『STRIKE!!』(全9話)-126
(あ……)
風を切り裂く鋭い音が、ここまで聞こえてきた。
(長見君、やったか)
あの振りは、エレナ本来のものだ。何度も何度も聞こえてくる鋭いスイングの音に、亮は、何かが背中を後押ししてくれるような、心強いものに包まれた。
それが、ぎりぎりの勝負をしている打席の中にかすかな余裕を生んでくれた。
渚が、大きく振りかぶり、舞うように上体を沈ませて腕を振ってくる。
アウトコースに、ボールが来た。亮は瞬間、球筋を読んだ。
「!」
予測どおりそれは、浮き上がってきた。今まで皆を打ち取ってきたウィニングショットは全てが“日没ボール”だったのだが、その、裏をかいて来たのだろう。
亮は、粘りの中であるひとつの可能性を見出していた。それは、“日没ボール”は、高い確立で甘いコースのストレートから変化するということ。
だから、外角の厳しいところをついてきた時点で、これは“日の出ボール”だと見切ったのである。ただのストレートという可能性は、毛頭考えていなかった。その辺りは、ほとんど勘である。
そして、亮は、その勝負に勝った。
キン!
逆らわず、流し打つ。打球は、緩やかな弧を描いて、ライト前に落ちた。
「おおぉぉぉぉ!!」
静まっていた城二大ベンチが、沸いた。
「よっしゃ! ナイス木戸!!」
「いけ! いけ! エレナいけぇ!!」
「まかした! もう、お前にまかしたかんな!!」
口々に喚く。今日、彼女が二つの併殺打を放っていることなど皆は忘れていた。
「………」
その声援を背に、エレナが打席に入る。寸前に、ベンチの方を向き、長見と玲子と直樹に頭を少しさげてから。
闘志と決意を静かに熱く内に秘めて、彼女は構えた。
渚がセットポジションから、一球目を投ずる。それは、アウトコースへのストレート。
初球打ちが多いエレナだが、もともと打つ気はなかったのか、簡単に見送った。
「ストライク!」
審判の声も聞こえないのか、構えを解かない。そのままじっと、相手を見つめている。
二球目、浮き上がってくる“日の出ボール”。これも、見送った。
「ボール!」
少し高かったからだ。
三球目、同じく“日の出ボール”。エレナは、全く打つ気なく、これさえも見送った。
「ストライク!!」
追い込まれた。しかし、微動だにしないエレナ。ベースに覆い被さるように、内側の白線ぎりぎりに立っている。
渚が、四球目を投じた。
「!」
インコースにそれは来た。瞬間、高く上げた左足を、まるで、投手と対面になるような形に開いて強く下ろす。
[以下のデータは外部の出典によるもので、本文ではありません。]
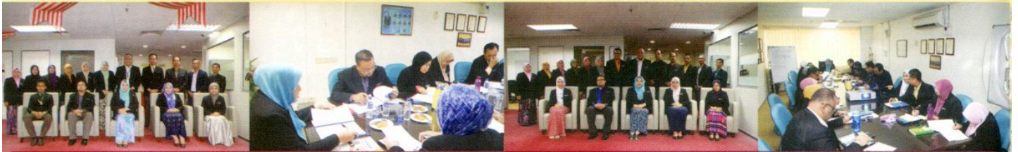
MESYUARAT PENGURUSAN PPANS DI BILIK MESYUARAT 2, TINGKAT MEZZANINE, PPANS PADA 11 OKTOBER & 6 DISEMBER 2018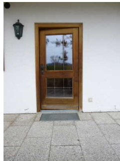
Tür zum Frühstücksraum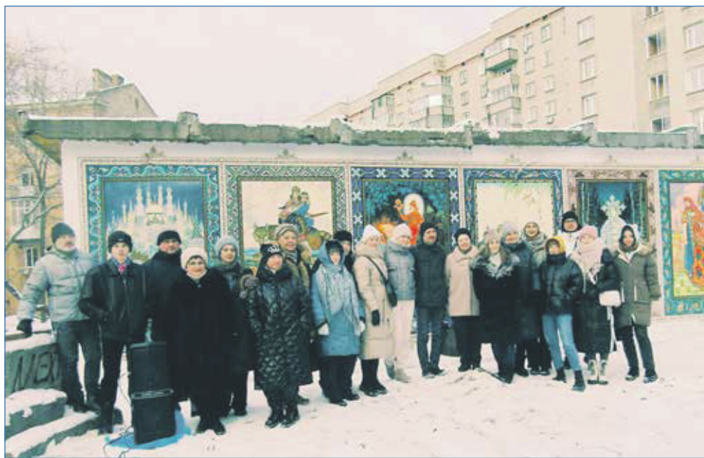
Итоговое событие «Открытие промежуточного этапа благоустройства сквера «Сказочный»

мической целесообразностью, нужно исходить из того, что будет удобнее людям. На нашем округе живет немало пожилых людей, для которых важно быть мобильными и иметь возможность быстро добраться до нужного места. Таким образом, этот маршрут решал, прежде всего, социальную проблему. Сейчас мы ведем очень тяжелый спор с департаментом транспорта мэрии на предмет возобновления маршрута. Пока мы уперлись в стену непонимания со стороны чиновников.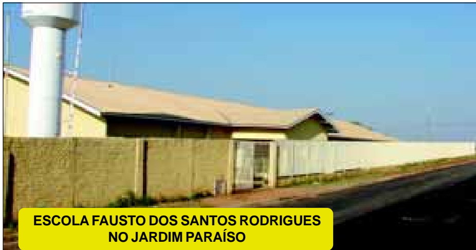
ESCOLA FAUSTO DOS SANTOS RODRIGUES NO JARDIM PARAÍSO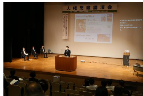
サウンドハウスホールで行われた 人権問題講演会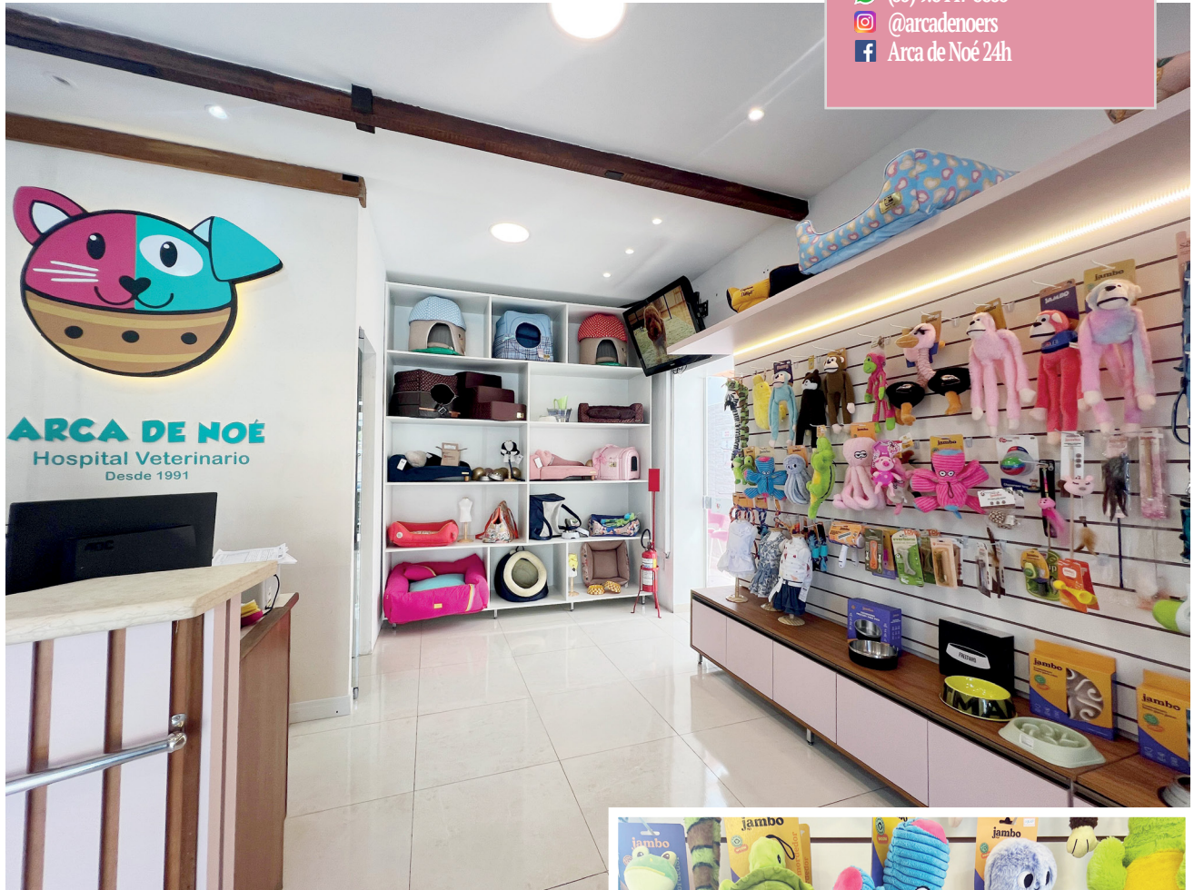
Showroom da Pet Boutique

Você sabe qual a principal diferença entre

その勢いを鋭い腰の回転で増幅させ、バネを弾くようにして腕に伝えていく。それら一連の動きがスムーズに展開されたことにより、バットには猛烈なスピードとパワーが生まれた。
ストレートが、失速し沈んでいく。“日没ボール”だ。
だが、エレナはそれを待っていた。そして、極端とも言えるほどのアッパースイングで対応したのだ。それこそ、バットのヘッドで地面をえぐるような。
急激に落ちてゆく“日没ボール”の球筋と、猛烈に浮き上がってゆくバットの軌跡。ふたつの、膨大なエネルギーを有したベクトルが、一点で激しく衝突した。